Editor’s Note: This sponsored column is written by Nick Anderson, beermonger at Arrowine (4508 Lee Highway).
We’re entering the season of the beer festival: great gatherings of breweries and beer fans celebrating the vast diversity of today’s craft beer scene. Unfortunately, too many attendees go the full St. Patrick’s Day at these festivals and turn them into amateur hour. This does nothing to bring people into the craft beer community, and only makes it harder for more events to be established later. Today we’re going to lay down some simple rules for attending a beerfest. Follow these simple bits of advice, and you’ll have a great time while keeping yourself out of trouble.
Hydrate: I cannot stress this enough. The bigger beer events are often held outdoors on fairgrounds or parks, and you don’t need me to tell you how the summers get in this area. Combine heat with sun exposure and alcohol, and you can find yourself in a bad way awful quick. As a rule I recommend a ‘golden ratio’ of 1:1 for beer and water when going out in general. At a beerfest, go even higher with the water. What? You don’t want to wait in line for the restroom every half hour? Too bad. If you follow no other rule in this column, please effort to follow this one.
Focus: It may seem like you have all day when you get to a festival, but even if you do you’re not going to be able to get around to everything. That’s not the point, either — the point is to seek out and try new and interesting beers. Take a good, solid lap around the fest and get your bearings. If a list is provided note some things you know you want to try and take your time getting around to them. It’s not a race and it’s not a contest.
Respect the staff: The same rule applies here as it does with waiters and bartenders — it’s your party, but it’s their job. As friendly as a brewery or distributor rep might be, they aren’t there to throw down. Chat and joke all you want — that’s fine, we’re all there to have a good time. Just keep in mind that 1. They have other festival attendees to take care of and 2. They can’t hook you up, bro. In fact, it’s illegal for them to do so in 99.99999% of cases. That leads us into…
Don’t be ‘that guy’: If you’re walking through a festival and there’s a circle eight feet or greater around where no one is walking, you’re being that guy. If you’re not having a conversation yet yelling about something, you’re being that guy. The guy over there in the brewery/sports team/college/band t-shirt that you don’t like? He doesn’t care that you don’t approve, so let it slide. If you try a beer you don’t like, it usually means nothing more than that it’s not to your taste. It doesn’t automatically mean the beer “sucks,” and no, telling the guy/gal who poured it for you that it “sucks” is not appropriate. It can be inevitable with such a confluence of great beers that you might catch a bit of a buzz — but wait…

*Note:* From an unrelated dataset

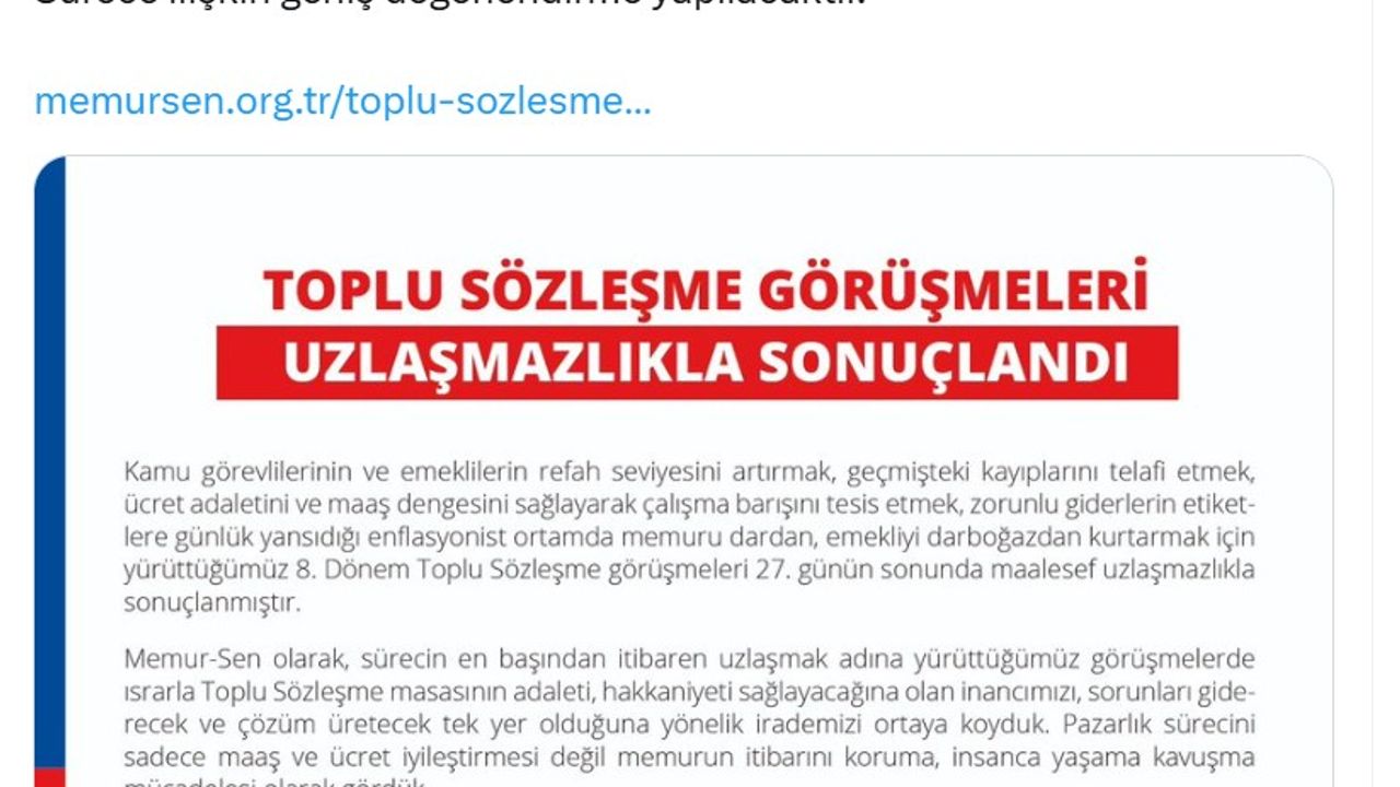 Memur-Sen'in sosyal medya hesabından yapılan açıklamada, "Kamu görevlilerinin ve emeklilerin refah seviyesini artırmak, geçmişteki kayıplarını telafi etmek, ücret adaletini ve maaş dengesini sağlayarak çalışma barışını tesis etmek, zorunlu giderlerin etiketlere günlük yansıdığı enflasyonist ortamda memuru dardan, emekliyi darboğazdan kurtarmak için yürüttüğümüz 8'inci Dönem Toplu Sözleşme görüşmeleri, 27'nci günün sonunda maalesef uzlaşmazlıkla sonuçlanmıştır" denildi.

Hey! Food! There is always an abundance of food at beer festivals, and even the worst of it is usually pretty good. Take advantage. BBQ is classic, and if there’s cornbread all the better. A good hot dog at proper intervals can give you the right protein/carb intake to keep you in line during a long day of sampling. If you’re on a diet, you probably shouldn’t be at a beer fest in the first place. If you’re on a diet like I am, call it a cheat day and go nuts. The priority is keeping your wits about you. As always, even if you’re having a beer with your food, down some extra water.
Have a ride ready: Bring a group and make sure someone is the designated driver. Split a cab or hired car for the day — heck, rent a bus and make it a real party. Have phone numbers programmed into your phone for a cab or car as needed, just in case. If you’ve seen any of those nature specials where big fish just plow right through giant schools of little fish picking them off here and there, you have an idea of how beer festival crowds are watched by law enforcement as they leave. Beyond that, you’re looking out for your friends and everyone else around you.